The documentation for VC++ says:

"Objects declared as volatile are not used in optimizations because their
value can change at any time. The system always reads the current value of a
volatile object at the point it is requested, even if the previous
instruction asked for a value from the same object. Also, the value of the
object is written immediately on assignment."

This, at least to me, implies that 'volatile' must defeat weak ordering
with the appropriate fences. It says it's read "at the point it is
requested" and it says it's written "immediately on assignment". If this
allows weak ordering, then the documentation is incorrect or, at best,
highly misleading.

DS


SenderX

unread,
May 31, 2003, 8:35:02 PM5/31/03
to
> This, at least to me, implies that 'volatile' must defeat weak
ordering
> with the appropriate fences. It says it's read "at the point it is
> requested" and it says it's written "immediately on assignment". If this
> allows weak ordering, then the documentation is incorrect or, at best,
> highly misleading.

volatile doesn't stop the processor from reordering the instructions, it
only stops the compiler.

You will need fences for this on weak-order systems, even with volatile
vars.

David Schwartz

unread,
May 31, 2003, 11:57:27 PM5/31/03
to

"SenderX" <x...@xxx.xxx> wrote in message
news:WSbCa.528169$Si4.4...@rwcrnsc51.ops.asp.att.net...

> > This, at least to me, implies that 'volatile' must defeat weak
> > ordering
> > with the appropriate fences. It says it's read "at the point it is
> > requested" and it says it's written "immediately on assignment". If this
> > allows weak ordering, then the documentation is incorrect or, at best,
> > highly misleading.

> volatile doesn't stop the processor from reordering the instructions, it
> only stops the compiler.

Are you saying it can't or that it doesn't? It certainly can -- the
compiler could, for example, wrap accesses to volatile variables in the
appropriate fences.

> You will need fences for this on weak-order systems, even with volatile
> vars.

Then the documentation is lying, which doesn't surprise me.

DS


SenderX

unread,
Jun 1, 2003, 12:23:38 AM6/1/03
to
> It certainly can -- the
> compiler could, for example, wrap accesses to volatile variables in the
> appropriate fences.

Your compiler would have to know which processor it was building for, and
put the correct barrier opcodes in order to do that.

I as the programmer, I want to be in control of the fence instructions.

> Then the documentation is lying, which doesn't surprise me.

The docs are not lying at all.

They ONLY talk about what the compiler is going to do. Period.


It doesn't talk about what an Itanium II processor is going to do with those
instructions.

David Schwartz

unread,
Jun 1, 2003, 12:49:51 AM6/1/03
to

"SenderX" <x...@xxx.xxx> wrote in message
news:edfCa.2083$DV....@rwcrnsc52.ops.asp.att.net...

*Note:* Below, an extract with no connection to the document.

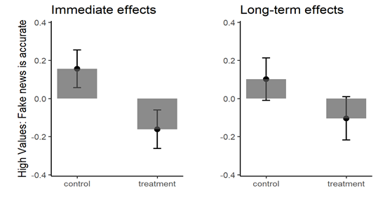 Figure 3. Accuracy evaluation of fake news immediately after the intervention (left panel) and four weeks later (right panel)

> > It certainly can -- the
> > compiler could, for example, wrap accesses to volatile variables in the
> > appropriate fences.

> Your compiler would have to know which processor it was building for, and
> put the correct barrier opcodes in order to do that.

If the compiler doesn't know what processor it's building for, it has a
*very* serious problem! The compiler generates assembler output, so it had
better know all the semantics of the assembly language it's targetting!

> I as the programmer, I want to be in control of the fence instructions.

Then don't ask the compiler to provide you ordering guarantees. The
documentation claims 'volatile' provides such guarantees. (But I think it's
in error.)

> > Then the documentation is lying, which doesn't surprise me.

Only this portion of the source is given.